Cost basis is the standard method of determining how much money you put into an investment for tax purposes. Because IRAs operate under special tax rules, cost basis may not apply. When it does, you are supposed to report cost basis to the Internal Revenue Service. It is in your interest to do so, because there are tax benefits for reporting IRA cost basis.
Cost basis consists of all the deductible expenses you incur as part of an investment. For example, the cost basis for a stock investment includes the price paid for the stock and any transaction fees you pay when you buy and sell the shares. You subtract the cost basis from the total proceeds when you liquidate an investment to determine taxable income. However, for a traditional IRA, you don’t pay taxes on money in the account until you withdraw it. At that point, all of it is taxable, so there may be no cost basis at all. For Roth IRAs, cost basis isn’t used because all of the money properly withdrawn after you reach age 59 1/2 is tax-free.
Normally you can deduct all contributions to a traditional IRA when you file your income tax return. However, if you make more than the yearly limit set by the IRS you lose part or all of this deduction. You can still make nondeductible contributions to a traditional IRA up to the annual limit of $5,000 ($6,000 if you are 50 years old). Because you paid taxes on nondeductible contributions, they are not taxed a second time when you withdraw them once you retire – provided you report them using IRS form 8606. The total of all nondeductible contributions is referred to as your IRA cost basis. You subtract the cost basis before figuring taxes on disbursements from your IRA. If you do not report nondeductible contributions, the IRAs may treat them as taxable income.

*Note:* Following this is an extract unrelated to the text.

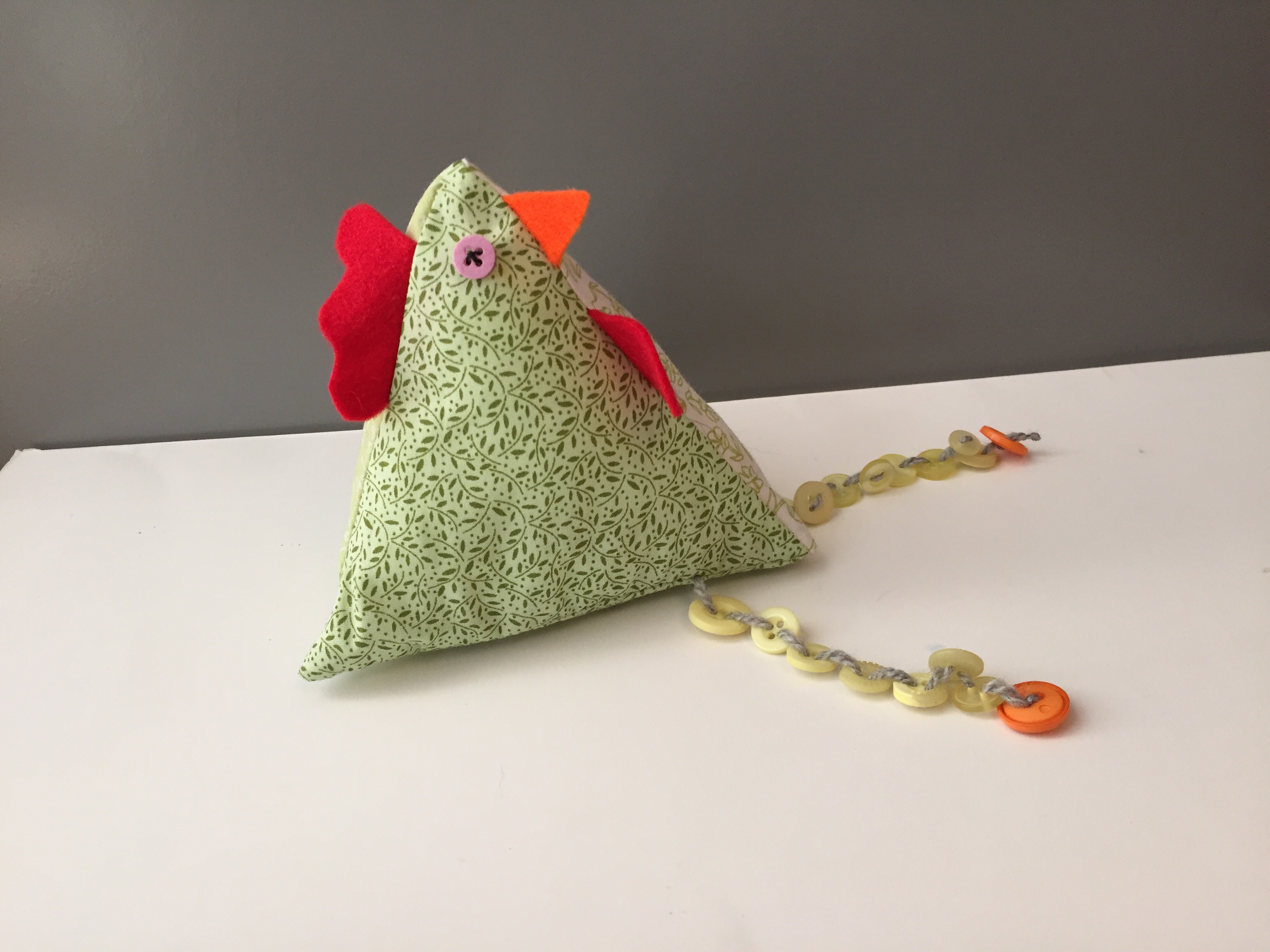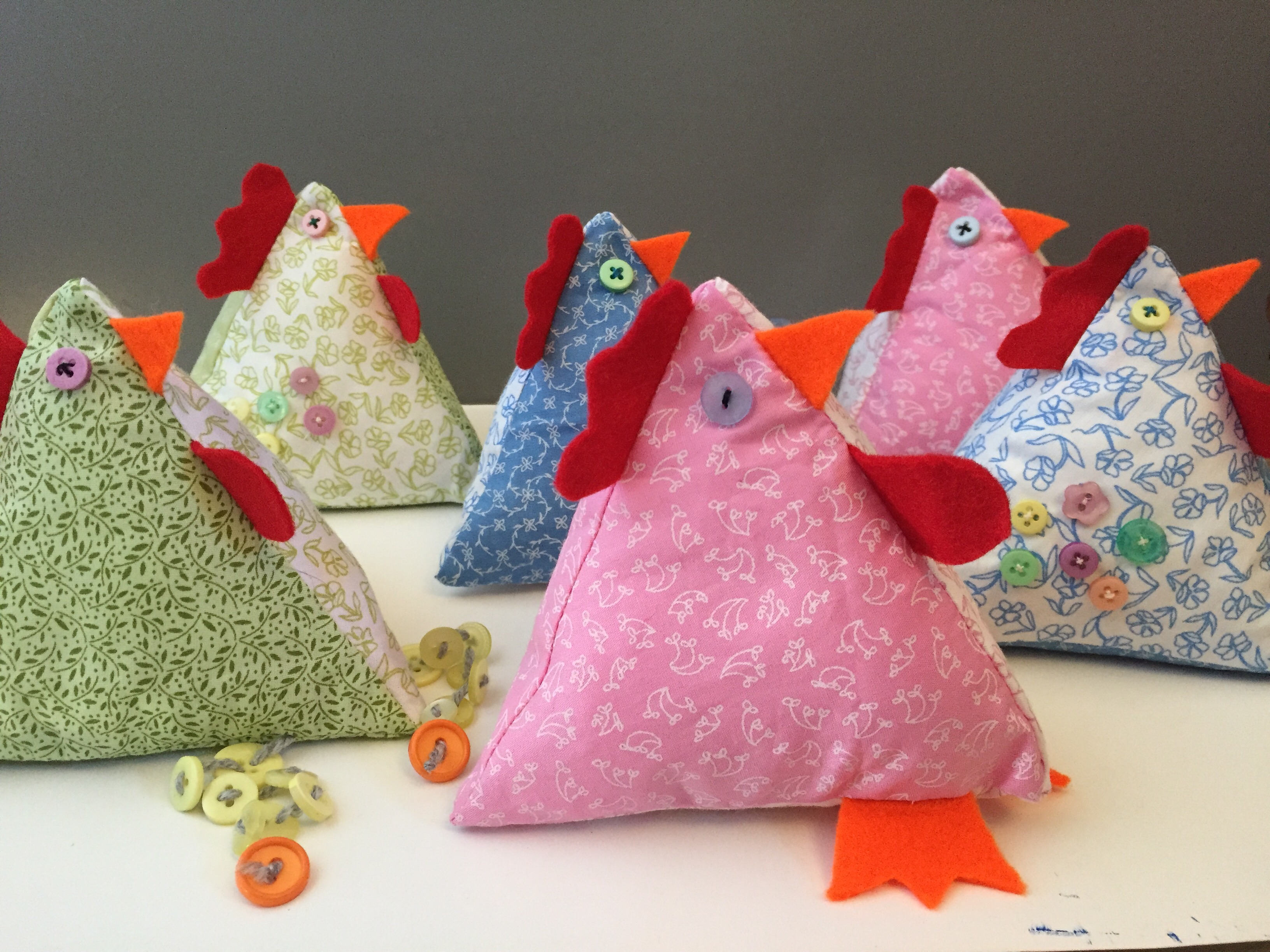 - For wing details, sew on a selection of different coloured and sized buttons onto the side of the chickens.

The IRS treats nondeductible contributions to an IRA as an investment and a withdrawal simply as a return of invested funds. As a result, you can take all or part of your cost basis out of a traditional IRA before you reach age 59-1/2. Again, there is no tax liability. In addition, the 10-percent penalty tax normally imposed on early withdrawals from an IRA does not apply.
Many people choose to shift money from a traditional IRA toa Roth IRA at some point. There is no penalty for doing so as long as the “rollover funds” are deposited in the Roth account within 60 days of being removed from a traditional IRA. However, you must pay ordinary income taxes that would have been paid if you had waited until retirement age to take the money out of the traditional IRA. If you have reported nondeductible contributions you made to the traditional IRA, you have a cost basis that you can subtract from the rollover amount before the taxes are calculated.